At June 2004 Company had various stock option plans. The company authorized
1000000 shares of common stock for issuance under various plans. The purchase
price of share under the plan is equal to the fair value at the date. Options vest over a
one to ten year period and are generally exercisable over ten years. Fair value of
options is determined by black scholes model.

12. Stockholders Equity:


During the year ended June 2004 the company issued 464115 shares of common
stock, upon the exercise of options and warrants for $327,497. During the year June
2004 the company recorded an expense totalling $336,546 related to options granted
to consultants that become exercisable during the year.
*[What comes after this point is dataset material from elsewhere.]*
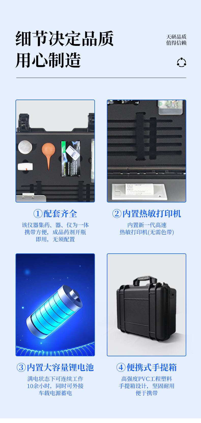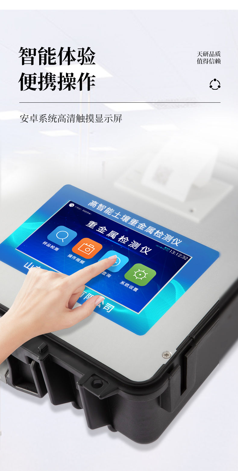 | Android安卓智能操作系統(tǒng),主控芯片采用ARM Cortex-A7,RK3288/4核處理器,主頻1.88Ghz,運(yùn)轉(zhuǎn)速度更快速,穩(wěn)定性更強(qiáng)。 | 采用精密旋轉(zhuǎn)比色池設(shè)計(jì),光源一致性更加**,保證檢測(cè)精度。 | 12個(gè)旋轉(zhuǎn)檢測(cè)通道,一次性可快速檢測(cè)12個(gè)樣品,極大提升檢測(cè)效率,降低檢測(cè)成本。 | 采用高精度濾光片技術(shù)自主**分析方法(**號(hào):ZL 2018 2 1777724.7),**認(rèn)證。 | 檢測(cè)過(guò)程中內(nèi)置校準(zhǔn)功能,智能恒流穩(wěn)壓,光強(qiáng)自動(dòng)校準(zhǔn),確保檢測(cè)準(zhǔn)確度。 | 儀器標(biāo)配wifi無(wú)線上傳、4G聯(lián)網(wǎng)傳輸、GPRS無(wú)線遠(yuǎn)傳,快速上傳數(shù)據(jù)。 | 配有云平臺(tái),儀器連入無(wú)線網(wǎng)絡(luò)后,可將檢測(cè)數(shù)據(jù)可選擇性或批量無(wú)線上傳,方便用戶進(jìn)行長(zhǎng)期數(shù)據(jù)管理和可視化分析。 | 儀器配同時(shí)具有USB接口、以太網(wǎng)接口,內(nèi)置大容量?jī)?nèi)存,并可隨時(shí)用U盤(pán)拷貝數(shù)據(jù)。 | 可用手機(jī)隨時(shí)登錄云平臺(tái)在線移動(dòng)查看歷史數(shù)據(jù) | 4波長(zhǎng)專業(yè)測(cè)試?yán)涔庠?紅、藍(lán)、綠、橙),光源波長(zhǎng)穩(wěn)定,長(zhǎng)時(shí)間連續(xù)工作光源無(wú)溫漂現(xiàn)象,壽命長(zhǎng)達(dá)10萬(wàn)小時(shí)級(jí)別,重現(xiàn)性好,準(zhǔn)確度高。 | 比色池部分采用標(biāo)準(zhǔn)1cm比色皿,無(wú)機(jī)械位移及磨損,光路測(cè)試定位**,有效屏蔽外光干擾,保證檢測(cè)結(jié)果優(yōu)于國(guó)標(biāo)要求。 | 儀器系統(tǒng)內(nèi)帶有樣品前處理操作視頻,各種樣品檢測(cè)方法點(diǎn)擊視頻模塊即可觀看,檢測(cè)人員無(wú)需自學(xué)說(shuō)明書(shū),指導(dǎo)教學(xué)方便快速,方便新手快速操作 | 內(nèi)置新一代高速熱敏打印機(jī)(無(wú)需色帶),打印內(nèi)容包含:檢測(cè)單位、檢測(cè)人員、檢測(cè)項(xiàng)目、通道號(hào)、吸光度、含量(mg/kg)、檢測(cè)時(shí)間、以及二維碼等信息 | 高靈敏7寸真彩觸摸屏,采用更加**和人性化操作,高清晰高交互顯示,大程度降低傳統(tǒng)儀器的繁瑣操作和失誤。 | 內(nèi)置時(shí)鐘功能,方便操作時(shí)間記錄,長(zhǎng)期歷史追溯。 | 可設(shè)置多賬戶賬號(hào)密碼登錄,**UI交互界面,不同的用戶可自由添加編輯檢測(cè)信息,保存后可長(zhǎng)期使用。 | GPS功能:可在野外作業(yè)時(shí)記錄經(jīng)緯度地點(diǎn),滿足特殊用戶需求。 | 內(nèi)置低電壓提示功能,可在檢測(cè)時(shí)明確電量,避免測(cè)試數(shù)據(jù)偏移,同時(shí)具有斷電保護(hù)功能,斷電自動(dòng)保存數(shù)據(jù),防止數(shù)據(jù)丟失。 | 交直流兩用供電方式,內(nèi)置大容量充電鋰電池,滿電狀態(tài)下可連續(xù)工作10余小時(shí),同時(shí)可外接車載電源蓄電。 | 儀器具有中英文切換功能,可滿足出口要求。 | 高強(qiáng)度PVC工程塑料手提箱設(shè)計(jì),堅(jiān)固耐用,便于攜帶。 |

13. Related party transactions:


On July 2003 John j Poelman, retired and in connection therewith resigned as the
Companys CEO and as a Director of the company. The company had transactions
with companies like ECI, EMS, SIMPLY SPLENDID, LLC which prior to July 1 ,
2003 were considered relate party transactions, but are not considered related party
transactions for the year ended June 30, 2004 since Mr. Poelman was no longer an
affiliate of company after July 2003. Poelman was the sole owner of ECI during
which company purchased various goods from them. In 2002 Poelman sold certain

assets and liabilities of ECI including its name to a third party. Revenue generated by
company in business with ECI was about $1,453,612 in 2003. As of June 2004
Company has no receivable balance due from ECI.
Companys financial advisor was vFinance Investments. During the year 2002
company paid $61,500 in fees and commission for their services. The financial
advisor of company that is SBI-E2 provided fairness opinion regarding the mergers
received a payment of $67,437 for the year June 2002. The company paid $58,679 to
SBI for expenses and commission relating to private placement of unregistered
securities.

14. Segment information:


The company has operated under two principal business segments (internet
services and multimedia projects). The primary business was internet services. The
secondary segment was sold in on Jan 2001 and accordingly is in the accompanying
consolidated statements of operations. As a result company operates in one business
segment.

15. Subsequent event:


On August 19, 2004, the company entered into a two year, $5 million line of
credit with bank One. The new LOC replaces the companys previous $3 million
credit facility with Zions First National Bank. The agreement allows the company to
borrow up to $5million at LIBOR plus 2%.